• _EXERCISE_
Would you return the lines between the one holding "नगरिया मंदिर ब्यौहारी" and the one holding "Baltimore’s War On", inclusive, and only those, exactly as they stand in the listing below?

• _AVAILABLE RECORDS_
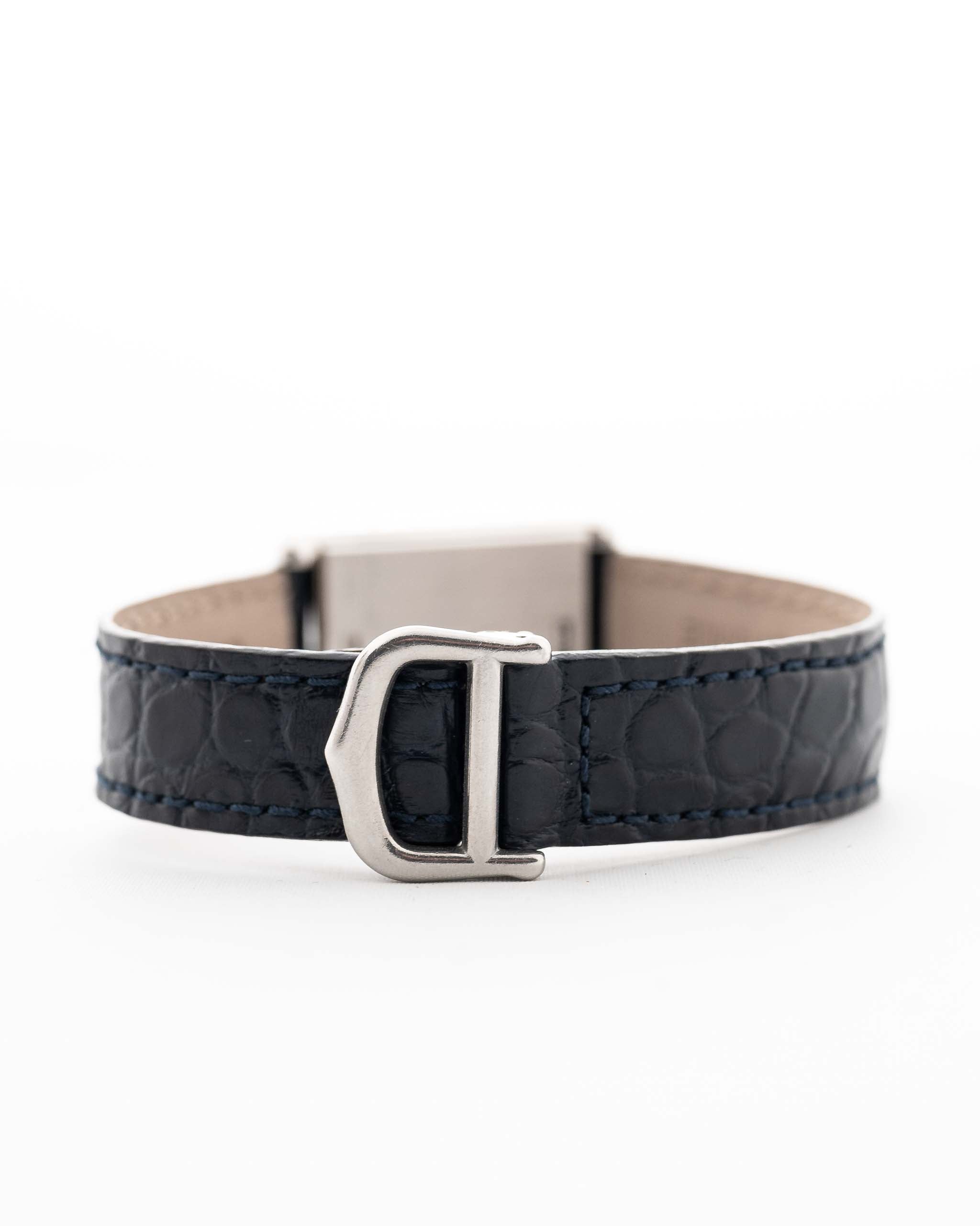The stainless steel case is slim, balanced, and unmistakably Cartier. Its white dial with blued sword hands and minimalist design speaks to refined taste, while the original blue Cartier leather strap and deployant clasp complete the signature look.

* * *

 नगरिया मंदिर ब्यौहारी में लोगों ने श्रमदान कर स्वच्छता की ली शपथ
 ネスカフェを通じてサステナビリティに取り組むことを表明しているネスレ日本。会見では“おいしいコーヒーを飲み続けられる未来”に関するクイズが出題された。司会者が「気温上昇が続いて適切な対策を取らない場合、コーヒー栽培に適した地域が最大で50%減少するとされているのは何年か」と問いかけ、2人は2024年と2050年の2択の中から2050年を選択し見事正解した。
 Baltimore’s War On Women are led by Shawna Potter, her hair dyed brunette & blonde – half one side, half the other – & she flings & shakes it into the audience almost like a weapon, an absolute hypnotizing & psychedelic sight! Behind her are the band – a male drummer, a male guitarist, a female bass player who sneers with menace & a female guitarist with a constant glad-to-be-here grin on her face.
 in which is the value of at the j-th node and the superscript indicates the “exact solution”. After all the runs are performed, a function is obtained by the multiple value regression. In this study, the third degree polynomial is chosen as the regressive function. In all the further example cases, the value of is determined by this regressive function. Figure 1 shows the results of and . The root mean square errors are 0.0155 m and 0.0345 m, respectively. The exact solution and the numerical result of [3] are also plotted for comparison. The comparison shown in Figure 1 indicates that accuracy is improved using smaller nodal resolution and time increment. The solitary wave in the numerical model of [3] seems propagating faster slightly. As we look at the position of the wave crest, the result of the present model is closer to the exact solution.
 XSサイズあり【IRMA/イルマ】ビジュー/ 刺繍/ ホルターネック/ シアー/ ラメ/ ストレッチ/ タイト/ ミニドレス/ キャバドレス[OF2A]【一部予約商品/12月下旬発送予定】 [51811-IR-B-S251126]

• _REPLY_
 नगरिया मंदिर ब्यौहारी में लोगों ने श्रमदान कर स्वच्छता की ली शपथ
 ネスカフェを通じてサステナビリティに取り組むことを表明しているネスレ日本。会見では“おいしいコーヒーを飲み続けられる未来”に関するクイズが出題された。司会者が「気温上昇が続いて適切な対策を取らない場合、コーヒー栽培に適した地域が最大で50%減少するとされているのは何年か」と問いかけ、2人は2024年と2050年の2択の中から2050年を選択し見事正解した。
 Baltimore’s War On Women are led by Shawna Potter, her hair dyed brunette & blonde – half one side, half the other – & she flings & shakes it into the audience almost like a weapon, an absolute hypnotizing & psychedelic sight! Behind her are the band – a male drummer, a male guitarist, a female bass player who sneers with menace & a female guitarist with a constant glad-to-be-here grin on her face.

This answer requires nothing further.